LIBERO-Plus (MuJoCo/robosuite, Franka Panda 7-DoF, 256 $\times$ 256, 7-dim delta EEF at 10Hz): 40 base tasks, 416 distractor objects, 7 perturbation dimensions. $\pi_0.5$ finetuned with 60K gradient steps.

LIBERO-Plus results (success rate %):

model	Original	Camera	Robot	Lang	Light	BG	Noise	Layout	Total
$\pi_0$	94.2	13.8	6.0	58.8	85.0	81.4	79.0	68.9	53.6
$\pi_0$ (rerun)	91.3	61.0	40.8	63.5	89.3	84.1	80.1	76.4	69.4
$\pi_0.5$	96.9	75.4	77.5	85.6	96.9	94.6	89.7	85.7	85.7
OpenVLA-OFT	97.6	55.6	21.7	81.0	92.7	91.0	78.6	68.7	67.9
X-VLA	98.1	23.4	89.7	75.7	88.2	96.0	62.7	71.8	71.4
RIPT-VLA	97.5	55.2	31.2	77.6	88.4	91.6	73.5	74.2	68.4
ABot-M0	98.6	60.4	67.9	86.4	96.2	91.6	86.4	82.6	80.5
VLA-JEPA	97.2	64.2	67.7	88.1	91.8	93.4	65.8	83.9	77.9
GE-Act	94.4	60.7	77.0	77.4	95.8	86.0	90.9	80.2	80.3
Cosmos-Policy	98.5	75.8	63.3	81.7	96.5	88.9	92.7	82.2	82.2

overall ranking: $\pi_0.5$ (85.7) > Cosmos-Policy (82.2) > ABot-M0 (80.5) > GE-Act (80.3) > VLA-JEPA (77.9) > X-VLA (71.4).

RoboTwin 2.0-Plus (SAPIEN/ManiSkill3, Aloha-AgileX 14-DoF bimanual, 320 $\times$ 240, 14-dim joint positions at 25-30Hz): 50 collaborative bimanual tasks, 731 distractor objects, 21 sub-dimensions across 7 perturbation types.

RoboTwin 2.0-Plus results (success rate %):

model	Original	Camera	Robot	Lang	Light	BG	Noise	Layout	Total
$\pi_0.5$	78.4	45.6	27.6	74.4	49.6	71.7	64.9	56.8	58.6
X-VLA	65.6	23.2	65.2	64.4	63.1	58.6	49.7	34.8	53.1
MOTUS	87.0	21.6	85.0	83.2	84.6	84.4	43.1	82.8	71.5
LingBot-VA	92.1	28.9	36.2	87.3	89.0	91.3	80.9	87.9	74.2

LingBot-VA dominates on 6/8 dimensions but collapses on camera perturbation (28.9) and robot initial state (36.2). $\pi_0.5$ best on camera perturbation but worst on robot initial state (27.6).
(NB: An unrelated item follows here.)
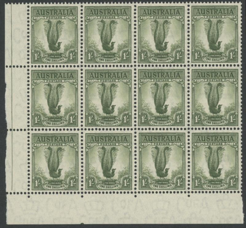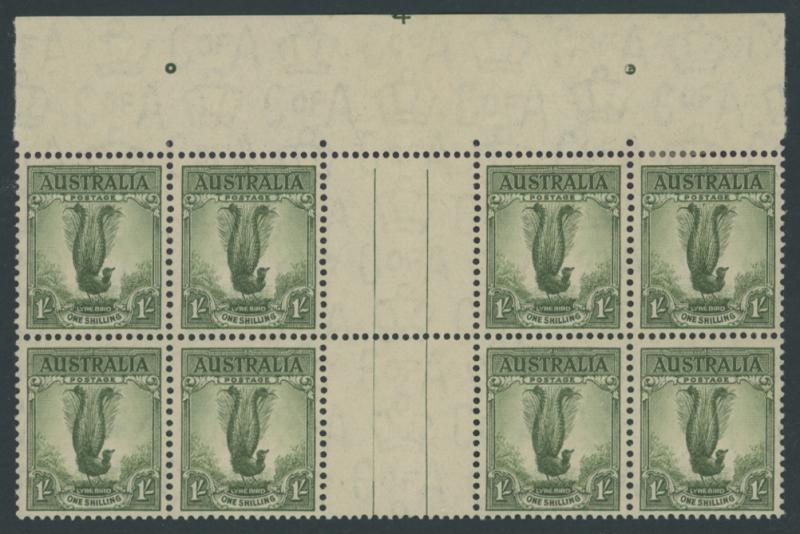 1937-49 Definitives Perf 15x14 Lyrebird 1/- green SG 192 gutter block of 8 (4x2) from the top of the sheet with largely complete

inference speed (same device):

model	chunk	time (ms)	relative
$\pi_0.5$	50	63	1.0$\times$
X-VLA	30	195	3.1$\times$
GE-Act	36	300	4.8$\times$
Cosmos-Policy	16	390	6.2$\times$
LingBot-VA (RW)	32	480	7.6$\times$
MOTUS	16	1175	18.6$\times$
LingBot-VA (RT)	32	5230	83.0$\times$

WAMs are 4.8-83$\times$ slower than $\pi_0.5$. the bottleneck is visual state denoising steps.

reproduction guide

no new model to reproduce. the paper introduces RoboTwin 2.0-Plus benchmark.
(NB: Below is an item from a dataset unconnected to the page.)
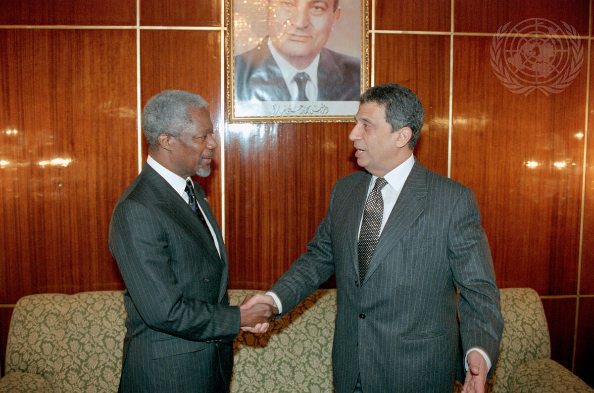 Kofi Annan, Secretary-General of the United Nations, meets with Amre Moussa, Minister for Foreign Affairs of the Arab Republic of Egypt.

to reproduce evaluations: install SAPIEN (ManiSkill3) for RoboTwin 2.0-Plus and MuJoCo (robosuite) for LIBERO-Plus. use released checkpoints: X-VLA, MOTUS, LingBot-VA for RoboTwin; $\pi_0.5$ via openpi (JAX), $\pi_0$, OpenVLA-OFT, VLA-JEPA, GE-Act, Cosmos-Policy for LIBERO. run 8 configs per task (1 clean + 7 perturbation), 50 episodes each.
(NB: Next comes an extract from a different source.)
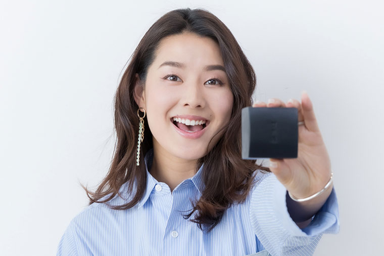 この黒くて四角い石けんのポイントはね、ふんわりやさしい泡が、くすみの原因であるメラニンを含んだ古い角質や、毛穴の皮脂汚れ、ザラつきまでスーッキリ落としてくれるところ!!

known gotchas: performance gap between JAX and PyTorch implementations of $\pi$-series models. DreamZero, GigaWorld-Policy, and Fast-WAM checkpoints not publicly available. C2 (spherical camera position) disabled by default to avoid instability.

notes

the most striking finding is that VLAs and WAMs have complementary robustness profiles. WAMs dominate on visual perturbations (noise, lighting, layout, background) – this is where spatiotemporal video priors help. but WAMs are surprisingly weak on camera viewpoint changes and robot initial state perturbations – this is where the video prior doesn’t help and may even hurt (the model expects a specific camera perspective).

$\pi_0.5$ achieves 85.7% total on LIBERO-Plus by being strong across the board rather than excelling in one dimension. this is attributed to its diverse training data (web VQA/captioning + 400h mobile manipulation + cross-embodiment data). the implication: training data diversity matters as much as architecture for robustness.

the speed gap is brutal. LingBot-VA on RoboTwin is 83$\times$ slower than $\pi_0.5$ (5230ms vs 63ms). even the fastest WAM (GE-Act at 300ms) is 4.8$\times$ slower. for real-time robot control at 10-50Hz, this latency is a deployment blocker. Cosmos-Policy reduces chunk size to 16 (vs 50 for $\pi_0.5$) to partially compensate but is still 6.2$\times$ slower.

the hybrid models (VLA-JEPA, MOTUS) sit between pure VLAs and WAMs – they get some robustness benefit from future state prediction without the full latency cost. VLA-JEPA at 77.9% on LIBERO-Plus outperforms all pure VLAs except $\pi_0.5$ and ABot-M0, suggesting that adding JEPA-style prediction heads to VLA backbones is a practical middle ground.

camera perturbation is the hardest dimension for every model. even $\pi_0.5$ drops from 96.9% to 75.4%. this is an open problem – neither language understanding (VLA) nor video priors (WAM) helps when the camera viewpoint shifts.